■ **TASK INSTRUCTIONS**
Lines below starting with the line with "DescriptionFlattened rectangular-shaped, pale" and going on through the line with "さらに、「AVIREX」のミ" must be output exactly; the rest of the records must be left out.

■ **DATA FOR ANALYSIS**
+++
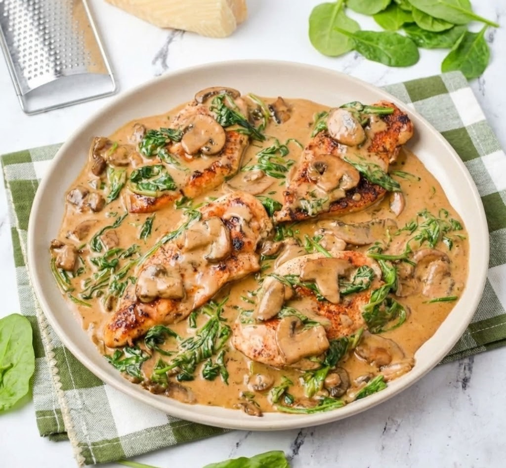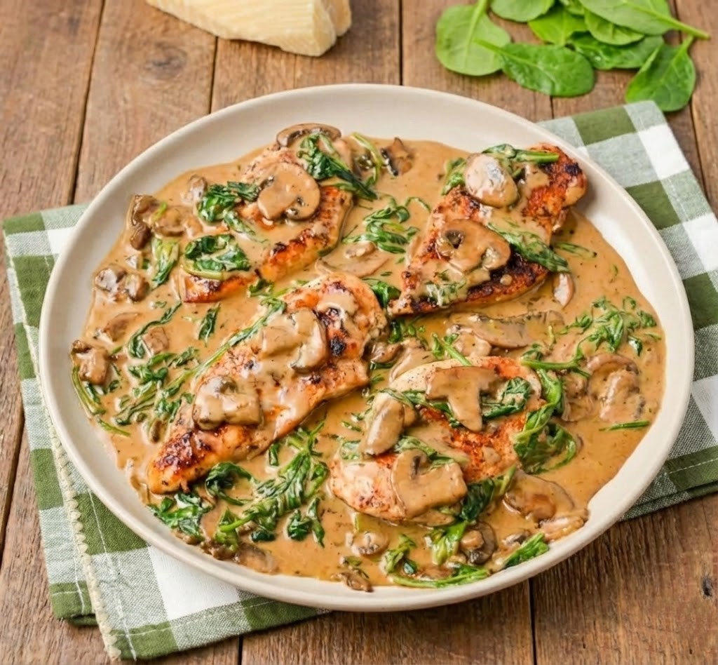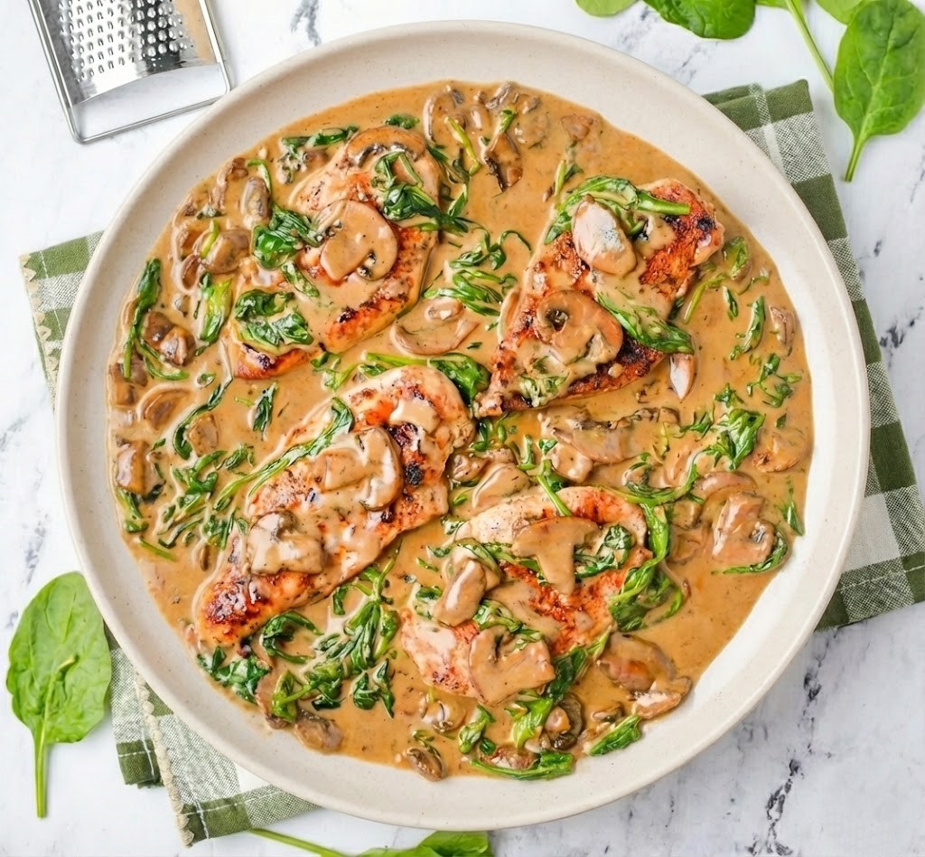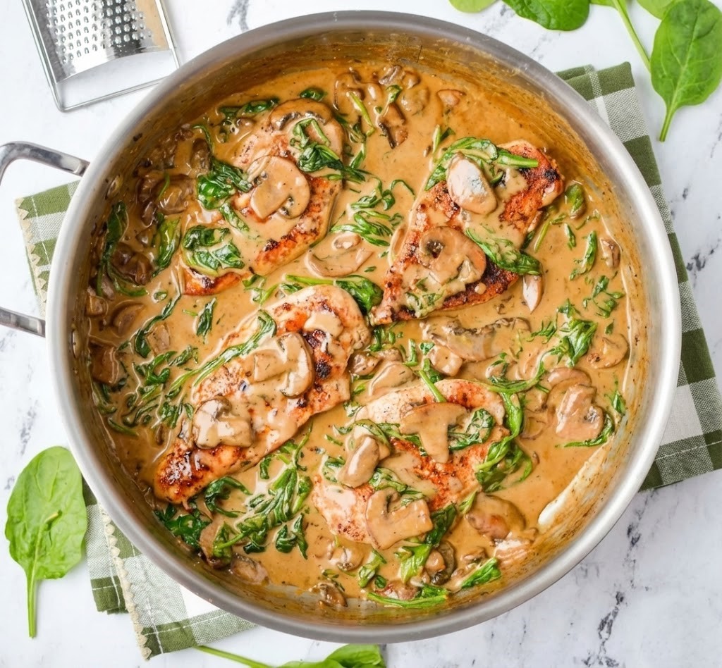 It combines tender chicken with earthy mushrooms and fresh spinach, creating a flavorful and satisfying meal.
+++
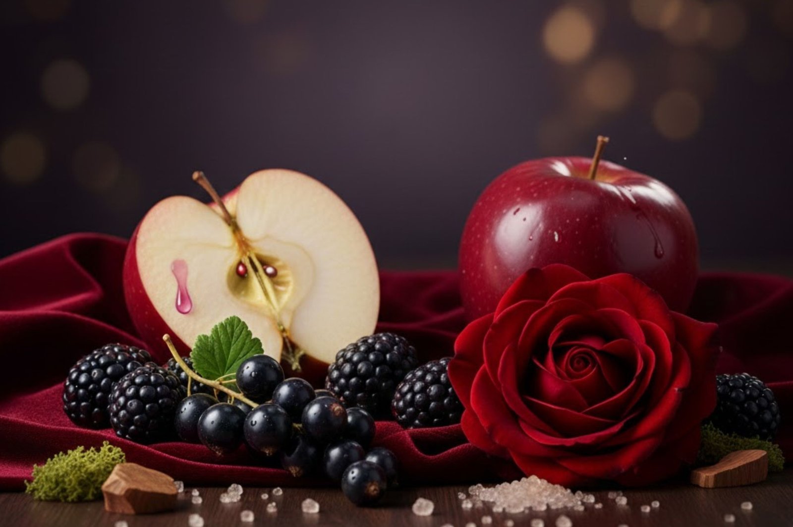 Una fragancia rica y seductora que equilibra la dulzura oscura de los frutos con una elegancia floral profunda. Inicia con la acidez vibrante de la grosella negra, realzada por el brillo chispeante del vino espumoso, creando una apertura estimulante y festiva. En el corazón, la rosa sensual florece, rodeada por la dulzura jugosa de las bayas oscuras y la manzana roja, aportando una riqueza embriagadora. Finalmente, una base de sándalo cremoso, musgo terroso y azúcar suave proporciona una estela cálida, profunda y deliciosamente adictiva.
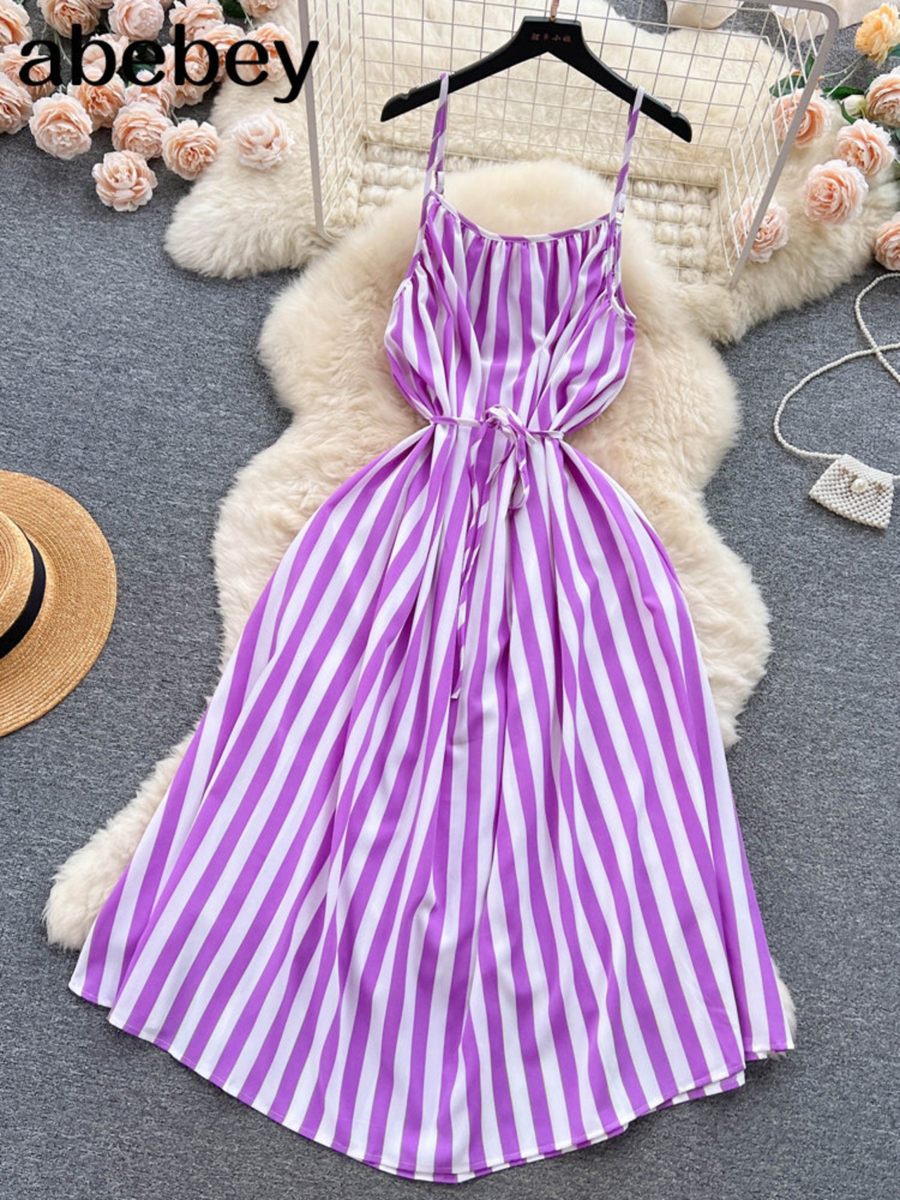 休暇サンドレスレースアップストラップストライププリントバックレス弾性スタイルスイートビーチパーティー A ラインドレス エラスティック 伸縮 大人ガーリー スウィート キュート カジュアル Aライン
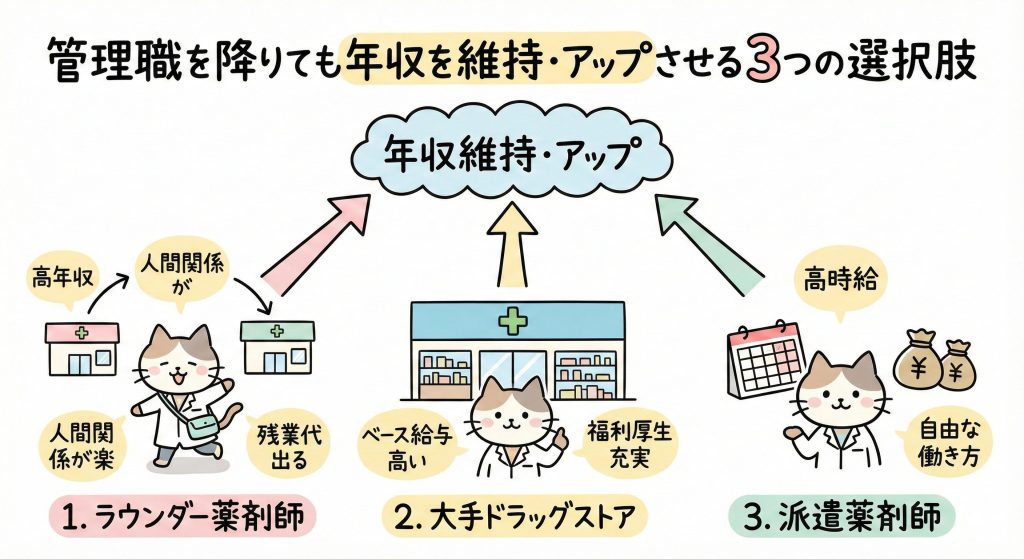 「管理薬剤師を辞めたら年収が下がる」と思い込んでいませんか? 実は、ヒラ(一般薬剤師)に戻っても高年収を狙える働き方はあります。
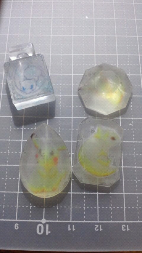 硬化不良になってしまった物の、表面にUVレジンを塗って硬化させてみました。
+++
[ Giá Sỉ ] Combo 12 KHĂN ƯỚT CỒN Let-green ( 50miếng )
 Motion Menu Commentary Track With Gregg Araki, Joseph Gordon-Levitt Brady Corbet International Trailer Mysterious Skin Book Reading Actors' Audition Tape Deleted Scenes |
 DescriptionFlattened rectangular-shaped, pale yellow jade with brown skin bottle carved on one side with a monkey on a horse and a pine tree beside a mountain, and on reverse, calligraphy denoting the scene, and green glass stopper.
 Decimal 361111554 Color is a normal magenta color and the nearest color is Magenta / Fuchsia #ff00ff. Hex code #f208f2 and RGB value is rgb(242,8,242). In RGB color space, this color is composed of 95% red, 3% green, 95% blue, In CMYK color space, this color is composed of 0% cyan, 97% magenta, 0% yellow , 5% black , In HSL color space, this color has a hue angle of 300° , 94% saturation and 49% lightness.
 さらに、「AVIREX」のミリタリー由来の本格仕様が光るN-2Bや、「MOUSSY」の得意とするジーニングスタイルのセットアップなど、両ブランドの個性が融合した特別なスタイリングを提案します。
+++
■ **SOLUTION FOR THIS TASK**
 DescriptionFlattened rectangular-shaped, pale yellow jade with brown skin bottle carved on one side with a monkey on a horse and a pine tree beside a mountain, and on reverse, calligraphy denoting the scene, and green glass stopper.
 Decimal 361111554 Color is a normal magenta color and the nearest color is Magenta / Fuchsia #ff00ff. Hex code #f208f2 and RGB value is rgb(242,8,242). In RGB color space, this color is composed of 95% red, 3% green, 95% blue, In CMYK color space, this color is composed of 0% cyan, 97% magenta, 0% yellow , 5% black , In HSL color space, this color has a hue angle of 300° , 94% saturation and 49% lightness.
 さらに、「AVIREX」のミリタリー由来の本格仕様が光るN-2Bや、「MOUSSY」の得意とするジーニングスタイルのセットアップなど、両ブランドの個性が融合した特別なスタイリングを提案します。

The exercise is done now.